Green peas has been gathered every day this year in Dr. Archer’s garden at Santa Rita,
Los Angeles county.—Nevada Transcript.
What of that? We have had macaroni and cheese every Sunday for the last two years, Winter
and Summer, and we are getting tired of that dish as well as of those greenpeas items.
FRIDAY, APRIL 13, 1877
THE HOODOO.
This instrument is again receiving the attention of Nevada county gold hunters. It is a simple
instrument, to all appearances, and finds gold, copper or silver. The hoodoo is made by tying two
parallel whalebones together at one end of the two. On that tied end a ball of mysteriousness,
covered with chamois skin, is placed. The untiled ends are then taken in each hand and the hoodoo
thus becomes spread apart, and like unto a forked stick. When spread apart the hoodoo somewhat
resembles this figure: oO
/\
The way to operate it is to hold one prong in each hand, palms up, and the little fingers on the
inside. The ball of leather and mystery must point toward the zenith. Thus fixed with the hoodoo
the gold hunter walks around, and awaits the action of the hoodoo. When the operator comes over a
place where the metal lies hid the ball turns down and no power can prevent its turning. It is a dead
sure indicator, as is claimed, of the place where the metal is hidden.

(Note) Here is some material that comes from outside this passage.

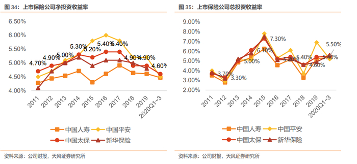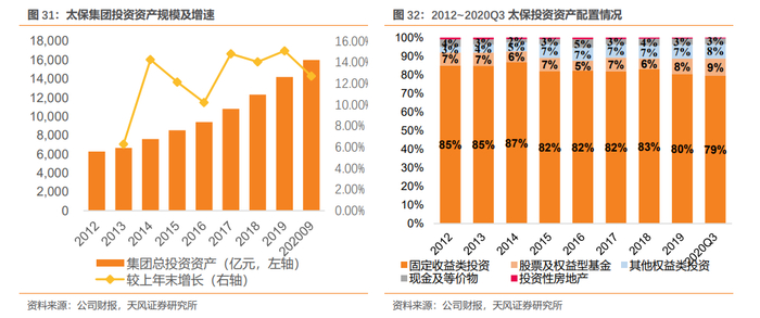 固收类资产占比高,投资风格稳健。截至2020年9月,集团总投资资产达15996亿元,较上年末增长12.7%。从资产配置来看,近几年固定收益类资产占比略有下降,但始终保持在80%左右,高于其他公司;股票及权益型基金配置较少,常年居于上市同业最低位,投资风格稳健。

It may be so. There more things in heaven and earth than was dreamt of in Horatio’s
philosophy, and we never had so many dreamings in that direction as had Horatio. We fear however
that the hoodoo can be used for very bad purposes. Armed with it a garroter can tell in advance
whether a coming man has coin in his pockets and whether it is worth while to tackle him. The
burglar has only to know how to use the instrument to ascertain whether a crib is worth cracking or
whether it is better to break into the next house.
There is also danger in the thing. A man with one of them in his hand, in passing along by
the Idaho mine’s office, on melting day, would be jerked right through the wall of the house by the
hoodoo, and would be hurt by the splinters.
We don’t know what to think—the thing may find untold wealth, and yet it furnishes the
dangerous classes with a means of finding where our twenty dollar pieces are kept. Every Assessor of
taxes should have “one of them things” and be safe in swearing to a false return in that particular.